In analyzing patterns and best practices that emerged from my conversations with public radio journalists of color, I saw their attention to nonwhite and nonmale sources, focus on structural forces that shape the stories of the day, and commitment to historically underserved communities. Further, I found that they push the boundaries of how public radio sounds by advocating for non-American accents and ways of speaking associated with nonwhite communities. I find it heartening that Berliner is “speaking out” about such shifts; it is a signal that these practices are making a difference in a still white-dominant organizational culture.

Pushing through the backlash

When put in a sociological context, the fact that Berliner is making these arguments is unsurprising. Sociologists of race are well aware that whiteness is seen as the default and neutral perspective for many white Americans. Further, the choice to air these views in The Free Press is similarly unsurprising, given its reputation for platforming reactionary polemics on “wokeness” and “cancel culture.”
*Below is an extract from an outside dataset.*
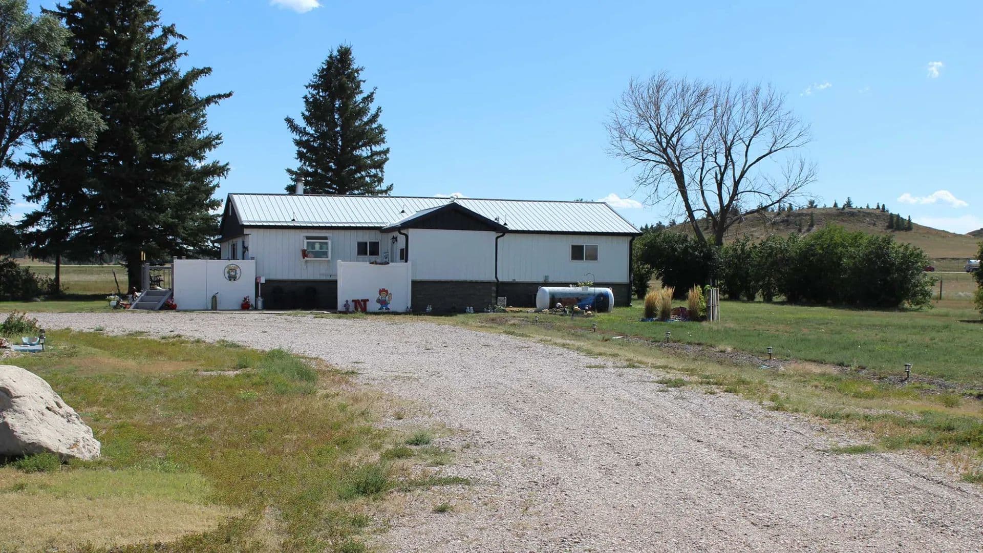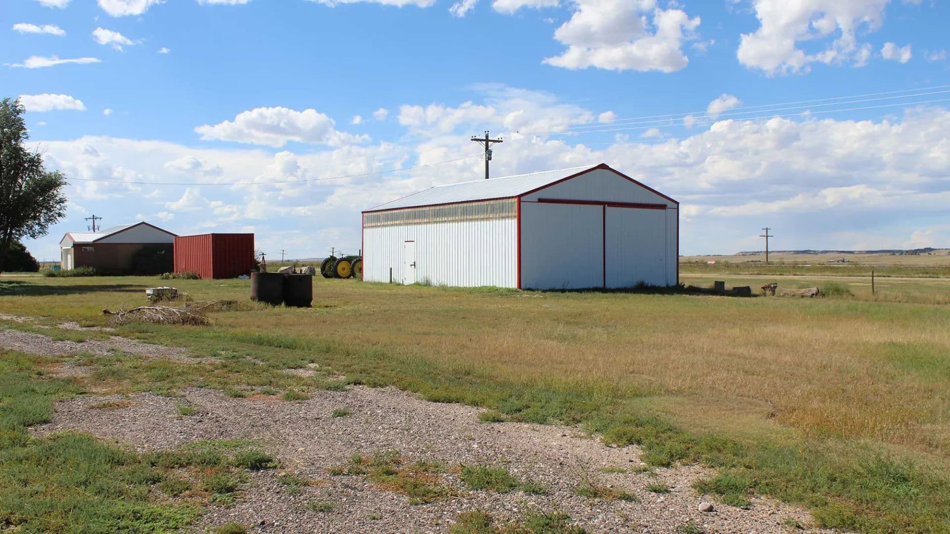 A 1,454 square foot home featuring three bedrooms and one-bath, complemented by a detached two-car garage. Additional improvements include a 46×30 Menard storage building with a dirt floor, a 51×30 truck shop with a concrete floor and drop pit, and a 24×30 concrete-floored workshop.

The op-ed has been reported on by a variety of mainstream commercial media sources, among them The New York Times, who has rightly noted a broader financial crisis that plagues the organization and questions about its future.

At the same time, Berliner’s piece has galvanized Donald Trump and other Republicans who are once again calling for NPR’s defunding. “Defund NPR” campaigns arise with regularity on the right, a phenomenon about which media historian Jason Loviglio has written extensively.

But if we have the conversation about public radio’s value on Uri Berliner’s terms, we erase the progress that journalists of color have made within the organization and the legitimate critiques they still have about public radio as an institution. As one of my respondents, a Black journalist, put it in late 2020:

Journalism has always said that it holds people accountable, that it sheds a light, you know, where it needs to be shed. But I feel like people of color are really the ones who are pushing and defining what that really looks like, because journalism has for so long been subjected to the status quo in many ways, especially around policing, especially around white supremacy. 

To try to satisfy Uri Berliner’s concerns would be distracting to NPR’s mission. It’s worth reiterating here what Toni Morrison has said about the function of racism: distraction. “It keeps you from doing your work. It keeps you explaining, over and over again, your reason for being.” Thus, my interest in studying public radio’s production processes is in considering how journalists of color push further, and how the organization does or does not accommodate such pushes. To quote a post on X, formerly known as Twitter, by Shereen Marisol Meraji, journalism scholar and one of the original hosts of Code Switch, “Good thing we will be focusing on something else shortly. This has already consumed too much precious time.”

Laura Garbes is an assistant professor of sociology at the University of Minnesota – Twin Cities. Her research explores the intersection of race, performance, and organizations. Her current project focuses on the racialization of sound and voice in public broadcasting.


[1] I will not be debunking his piece, or his examples of story coverage, point by point here. For this, I would point you to already existing excellent work that has countered his claims. Aaron Fritschner has skillfully debunked many of the claims point by point on X in a thread that cites more sources than the original article. Alicia Montgomery’s article in Slate, “The Real Story Behind NPR’s Current Problems,” offers a powerful counternarrative to Berliner’s account of the organization.